Published online 24 February 2023

© The Authors 2023

Licence Creative CommonsOpen Access article, published by EDP Sciences, under the terms of the Creative Commons Attribution License (https://creativecommons.org/licenses/by/4.0), which permits unrestricted use, distribution, and reproduction in any medium, provided the original work is properly cited.

This article is published in open access under the Subscribe to Open model. Subscribe to A&A to support open access publication.

1. Introduction

The five inner moons of Saturn were likely formed at the Saturnian Roche limit, close to the current outer edge of the A ring (Charnoz et al. 2010) by a gradual accretion process, which may explain their low densities (Thomas et al. 2013). Assessing potential heterogeneity inside these objects could be very informative, and would help us to characterise the relative velocity of potential collisions during their formation process, or orbital evolution history, as they progress further away from Saturn as a result of their dynamical interaction with the rings.

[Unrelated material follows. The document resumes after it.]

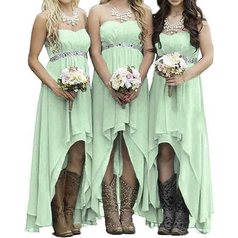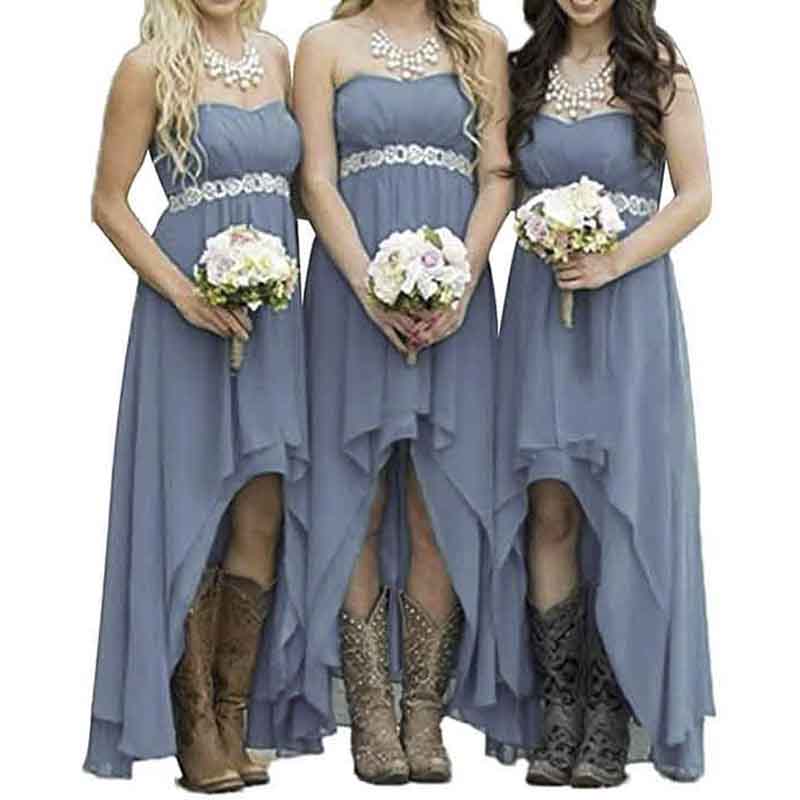 Women's Strapless High Low Bridesmaid Dresses Wedding Party Gowns

Lainey et al. (2019) tried to estimate the amplitudes of the physical librations of Prometheus, Pandora, Epimetheus, and Janus using Cassini Imaging Science Subsystem (ISS) astrometric data. While these authors were able to constrain the amplitudes, they could not determine them precisely because of large error bars, with the exception of Pandora. To solve this issue, Lainey et al. (2019) suggested that a significant improvement may be expected by reducing the data again using a more accurate shape modelling than ellipsoids during the astrometric reduction process of ISS data. Recently, Rambaux et al. (2022) analysed the shape of the small moons of Saturn, and provided a description of their shapes using spherical harmonics, which is a convenient form for considering a more complex shape than the ellipsoid.

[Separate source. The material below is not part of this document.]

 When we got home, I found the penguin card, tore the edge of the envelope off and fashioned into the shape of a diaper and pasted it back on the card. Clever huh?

Here, we first reprocess the ISS data using 3D shape models from Rambaux et al. (2022). In addition, we use the modified moment algorithm (Zhang et al. 2021) to measure the astrometric positions of moons whose apparent diameter is too small for shape modelling. We then give the results of a similar analysis to that performed by Lainey et al. (2019), but this time using the updated astrometric data. Last but not least, thanks to Rambaux et al. (2022) we have a much more precise estimation of the shape of the inner Saturnian moons, which we used to determine their respective volume and uncertainty. This allowed us to obtain a level of precision in the density of these moons that has never previously been achieved.

2. Astrometric observations

We implemented the 3D shape modelling from Rambaux et al. (2022) in the Caviar software package (Cooper et al. 2018). Following Lainey et al. (2019), the data set was split into different subsets depending on the technique used for the determination of the centre of figure of the moons in the images. When the apparent diameter of the moon was above typically 3–4 pixels, we were able to provide a position of the centre of figure of the satellite using the limb-fitting method and complex shape modelling (see Fig. 1). In total, we were able to recompute 2635 astrometric positions with the updated limb-fitting method. For Prometheus, Pandora, Epimetheus, and Janus, images taken from relatively large distances were not used. Indeed, a first analysis showed that they did not provide any useful signal on the dynamics of these moons, taking into account the great accuracy of limb-fitted data. On the other hand, Atlas is smaller and only one-third of the astrometric images could be reduced using the limb-fitting technique. Hence, we tried reprocessing all other Atlas images using the modified moment algorithm (Zhang et al. 2021), which is an improvement to the usual Gaussian fit for photocentre determination. In total, we were able to properly reduce about 333 images with this technique, resulting in only a slight improvement to the astrometric residuals. While Zhang et al. (2021) observed a large improvement in Anthe’s astrometric residuals, it seems that the larger apparent size of Atlas (typically a few pixels) makes a difference. In particular, the phase correction applied in Caviar assumed a perfectly spherical shape, which is generally far from the case with these small moons. This rough approximation is most likely to be the dominating source of error in our photocentre determinations.

thumbnail Fig. 1.

Comparison between two methods to fit the centre of figure using Janus observation N1627319153_1 (resolution 0.6 km per pixel). On the left, we show the method used by Cooper et al. (2018). On the right, we show the new method relying on a complex 3D shape modelling. The vertical size of Janus on the image is about 325 pixels. The orange curve represents the equator of the moon. The cyan curve is the computed shape to be fitted to the image contour.

3. Orbital fit

We carried out orbital dynamical modelling and fitting to the observations in a similar way to Lainey et al. (2019), with the additional improvement of including the Cassini Grand Finale estimate of the gravity field of Saturn (Iess et al. 2019). The gravity harmonics were still solved for, but were constrained to remain in agreement with the solution of Iess et al. (2019), within their given uncertainty. For convenience, we review our method and the relevant equations below, and refer the reader to Lainey et al. (2019) for further details.

3.1. Dynamical modelling

Using the NOE gravitational N-body code (Lainey et al. 2007, 2009; Lainey 2008), we fitted the full equations of motion (see Eq. (1)) to the astrometric observations described above, solving for the initial positions, velocities, and physical librations of Prometheus, Pandora, Janus, and Epimetheus, in addition to various global parameters, such as the masses, Cnp and Snp gravity coefficients, and polar orientation.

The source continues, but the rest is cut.